Aber die Methode erlaubt weitere Rückschlüsse. Es ist bekannt, dass bestimmte Aminosäuren in der Nahrung der Pinguine den Körper mit fast unverändertem Isotopenwert passieren. Tatsächlich wird angenommen, dass diese Aminosäuren die ursprünglichen Isotopenwerte in Mikroorganismen an der Basis des antarktischen Nahrungsnetzes widerspiegeln: Phytoplankton, das im Südpolarmeer schwimmt. Da das Klima die Isotopenwerte des Phytoplanktons bestimmt, stellen die Isotope in diesen Aminosäuren ein Protokoll des Klimawandels dar. Im Fall des Stickstoffs sind höhere Stickstoff-15-Werte im Verhältnis zum Stickstoff-14 im Phytoplankton wahrscheinlich auf mehr offene Wasserstellen im Meereis zurückzuführen, sagte McMahon. Solche offenen Wasserstellen, Polynyas genannt, sind in den letzten Jahrzehnten rund um die Antarktis aufgrund von Veränderungen der Windrichtungen in Zusammenhang mit dem Klimawandel entstanden.
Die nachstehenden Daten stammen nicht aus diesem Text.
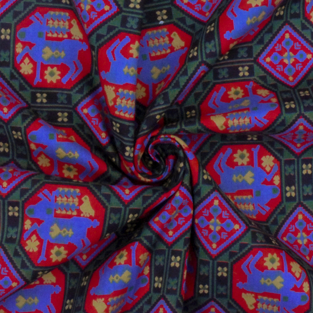 Red/Green/Multi Vintage 1950s Reindeer Print Shirting Fabric
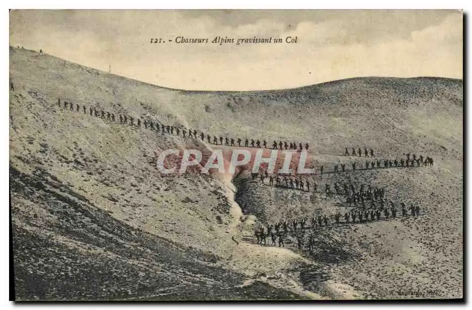 Cartes postales Militaria Chasseurs Alpins gravissant un col
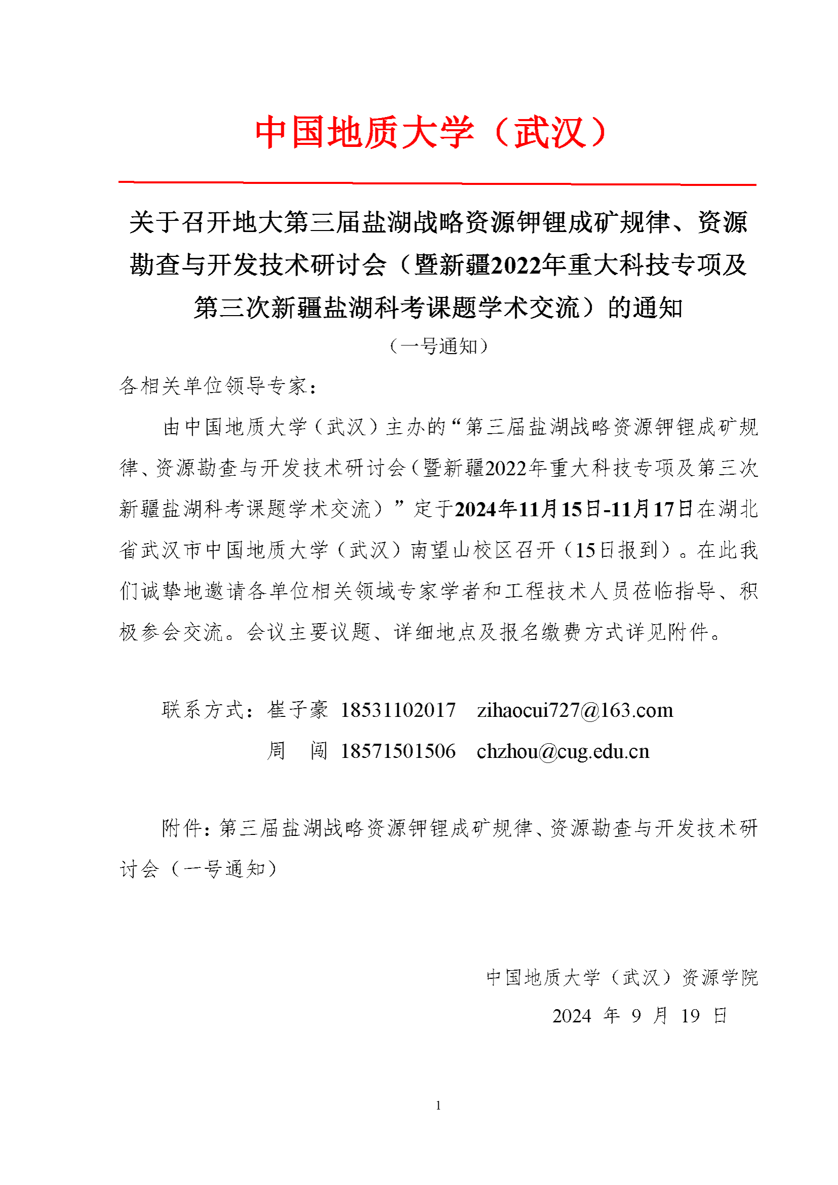 关于召开地大第三届盐湖战略资源钾锂成矿规律、资源勘查与开发技术研讨会(暨新疆2022年重大科技专项及第三次新疆盐湖科考课题学术交流)的通知

Diese Studie unterstreicht die Stärke dieser Aminosäure-Isotopentechnik, um Umweltveränderungen durch tierisches Gewebe zu verfolgen, sagt Seth Newsome, ein Tierökologe an der Universität von Albuquerque in New Mexico, der nicht an der Studie beteiligt war. Die Technik wird immer beliebter, weil sie sowohl Ernährungs- als auch Baseline-Veränderungen im Nahrungsnetz aus demselben Gewebe feststellen kann, sagt er. «Dieser 80-jährige Datensatz ist nur ein Teil eines viel längeren Wandels», sagte McMahon. Das Team plant, weiter in die Vergangenheit zu schauen. Ausgrabungen haben Pinguin-Eierschalen zu Tage gefördert, die bis zu 10 000 Jahre alt sind und eine viel längere Geschichte zu erzählen haben.